HOMEWORK 7
The purpose of the homework is to practice how to draw phylogenetic trees from
multiple sequence alignments with clustalx and paup, and to find blocks within the alignment using jalview.
- Retrieve target sequences from blast output, and do a multiple sequence alignment with them.
- Blast the e2f1 protein sequence against the non-redundant database with blastp program in NCBI. From the blast output, retrieve the top 10 database sequences in fasta format, and save them in one file. You can also download the script blast_get_target_seq.pl from last week's homework, and run it on tak.
- On tak, after opening clustalx, load the file with the top 10 database sequences from File->Load Sequence. Look at the alignment on the window, you will find one sequence is very different from the others. You should discard this sequence. To delete this protein, you can first highlight it, and click on Cut Sequence from Edit panel. You can choose the alignment format as MSF by Alignment->Output Format Option. Then do the complete alignment with Alignment->Do Complete Alignment. The newly produced alignment file ends with .msf. For example, if the name of the top 10 database sequence file is e2f1_out, the alignment file will be e2f1_out.msf. To exit from clustalx with File->Quit.
- Draw the corresponding tree with paupsearch and display it with paupdisplay.
- Draw the tree with paup. On tak, type gcg. After the prompt, type paupsearch. Type YourAlignedSequenceName{*} after the prompt as "What aligned sequences to analyze". "*" means all the aligned sequences. For example, if the alignment file is e2f1_out.msf, it would be "e2f1_out.msf{*}". There are several different types of tree search options. For this question, we can choose to reconstruct neighbor-joining tree. Then, name your tree.
- Display the tree with paupdisplay. Type paupdisplay on tak and follow the prompts. You can choose display Description and plot of trees. The optimality criterion for the tree description as parsimony. For plot output options, choose Plot on LASERWRITER attached to HomeDir:graphics.ps.
- Find the blocks within the multiple sequence alignment with jalview on tak.
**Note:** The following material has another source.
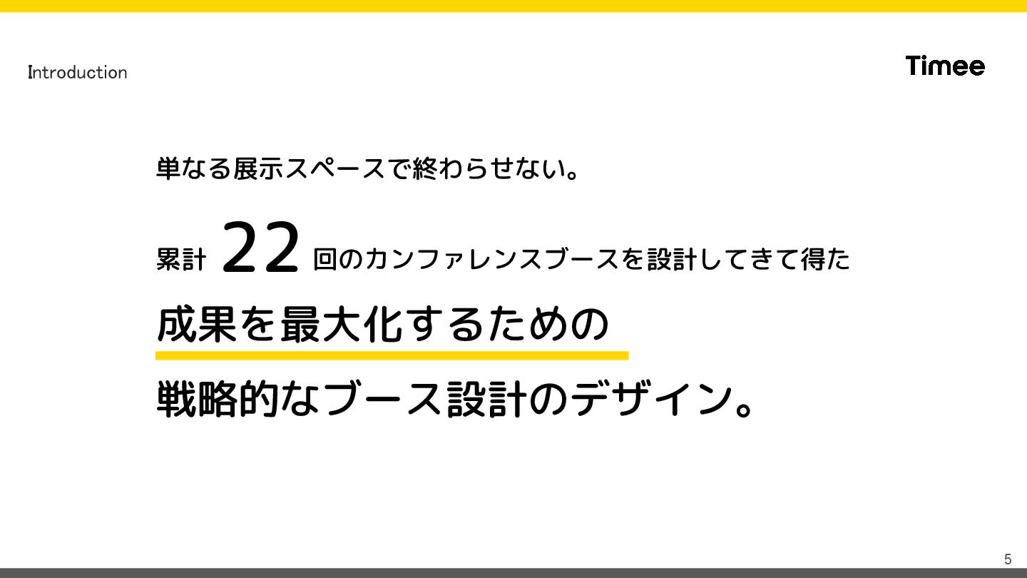 Introduction 単なる展示スペースで終わらせない。 5 22回のカンファレンスブースを設計してきて得た 成果を最大化するための 戦略的なブース設計のデザイン。 累計

- To open the jalview window, type java jalview.AlignFrame YourAlignedSequenceName File MSF at the tak command line. YourAlignedSequenceName is the name of your multiple sequence alignment file you got from step 1. All letters are case sensitive. Because this file is in MSF format, the name after File has to be MSF.
- In order to select a block, you need to delete all the gaps in the alignment. To delete select portions of the sequences, first highlight the position you like to delete to, then click on Edit. You can remove all the sequences to the left of that position with Remove sequence<-left of selected column. You can do the similar thing to remove all the columns to the right of the highlighted position. But first, find the largest portion of the alignment without a gap, use it as a block. Then delete the sequences on each end by the method just described. Save the block as a new file in MSF format. Open the YourBlockFile.msf in ClustalX and the save it as a postscript file by File->Write Alignment to Postscript File. Ignore the error messages on the screen, and click CLOSE. You will find a new .ps file in your directory. Then, you can transfer this file to you desktop with ftp. You can display the result with adobe photoshop or adobe illustrator.